Dr. Rizky emphasized that critical CHD can often be detected within the first 24 to 48 hours of life, or at the latest, within the first week. To improve detection rates, medical experts advocate for the use of pulse oximetry screening. This is a non-invasive, fast, and cost-effective test that measures the oxygen saturation in a newborn’s blood. By placing a sensor on the baby’s right hand and either foot, healthcare providers can identify low oxygen levels that might indicate a heart defect before the baby even shows outward symptoms.
In addition to pulse oximetry, the traditional stethoscope remains a vital tool. The presence of a heart murmur—an unusual sound heard between heartbeats—is often the first red flag. While not all murmurs indicate a serious problem, any "organic" or suspicious murmur in a newborn warrants an immediate referral for an echocardiogram.
Strengthening the Healthcare Referral System and Public Education
To combat the high mortality rate associated with CHD, there is a pressing need to empower frontline healthcare workers, including midwives and general practitioners. In many parts of Indonesia, midwives are the primary attendants at births. Dr. Rizky suggested that if midwives are trained to perform basic screenings like pulse oximetry—a process that takes less than five minutes—the rate of early detection could rise significantly.
The "Sehatkan Jantung Anak Indonesia" (Healthy Hearts for Indonesian Children) initiative, which includes educational content on platforms like YouTube, serves as a resource for both parents and medical professionals. By providing clear, accessible information on how to conduct screenings and what symptoms to watch for, these digital tools aim to bridge the information gap in remote areas.
The broader implication of failing to address CHD is not just the loss of young lives, but also the long-term economic and social cost. Children with untreated heart defects often face chronic health issues, reduced quality of life, and increased healthcare costs for their families and the state.

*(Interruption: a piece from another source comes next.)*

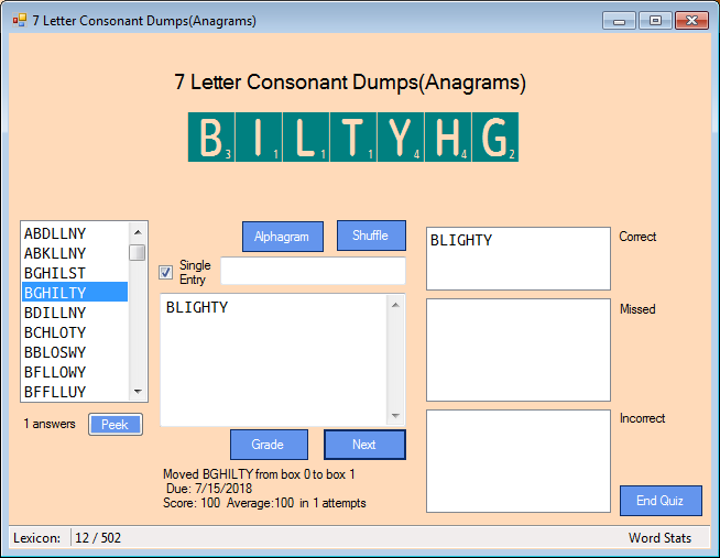 One difference between Hoot and Zyzzyva is that you can either enter words separately or in a box. Listed separately they are verified after each entry, and added to the list. The Grade button compares correct answers with your answers, and Next goes to the next word. However, Hoot examines the keystrokes so it's not necessary to use the buttons. In Single Entry mode, Hoot grades the quiz after a blank entry. In box mode, Hoot grades the quiz word after entering a blank line. Pressing Enter again goes to the next word.

Conversely, early intervention—whether through medication, catheter-based procedures, or open-heart surgery—can often lead to a full and productive life.

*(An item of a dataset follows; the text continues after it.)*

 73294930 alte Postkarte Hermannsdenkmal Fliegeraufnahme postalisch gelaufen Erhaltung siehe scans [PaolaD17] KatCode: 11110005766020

A Call for Systemic Reform and National Awareness
The challenge of Congenital Heart Disease in Indonesia requires a coordinated response from the government, the medical community, and the public. From a policy perspective, there must be a continued effort to decentralize specialized cardiac care and provide better incentives for medical specialists to work in underserved regions. Strengthening the National Health Insurance (JKN) scheme to cover the high costs of cardiac interventions is also essential to ensure that life-saving treatment is not a privilege of the wealthy.

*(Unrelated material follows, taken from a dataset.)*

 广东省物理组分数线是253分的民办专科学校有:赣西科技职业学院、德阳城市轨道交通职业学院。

Furthermore, public health campaigns must continue to emphasize the importance of the "Golden Period"—the window of time where medical intervention is most effective. Preventing CHD starts with maternal health, but saving a child born with the condition starts with a prompt diagnosis. As Dr. Rizky concluded, while prevention during pregnancy is the ideal, once a child is born with a heart defect, the focus must shift entirely to rapid detection and treatment.
By integrating simple screening methods like pulse oximetry into standard newborn care protocols across all Indonesian provinces, the healthcare system can begin to close the gap between the number of cases and the number of survivors. The goal is a future where no child’s life is cut short by a treatable heart condition simply because of where they were born or a lack of awareness regarding their symptoms. The ongoing efforts of the IDAI and other health organizations represent a critical step toward achieving that vision, but the road ahead remains long and requires sustained national commitment.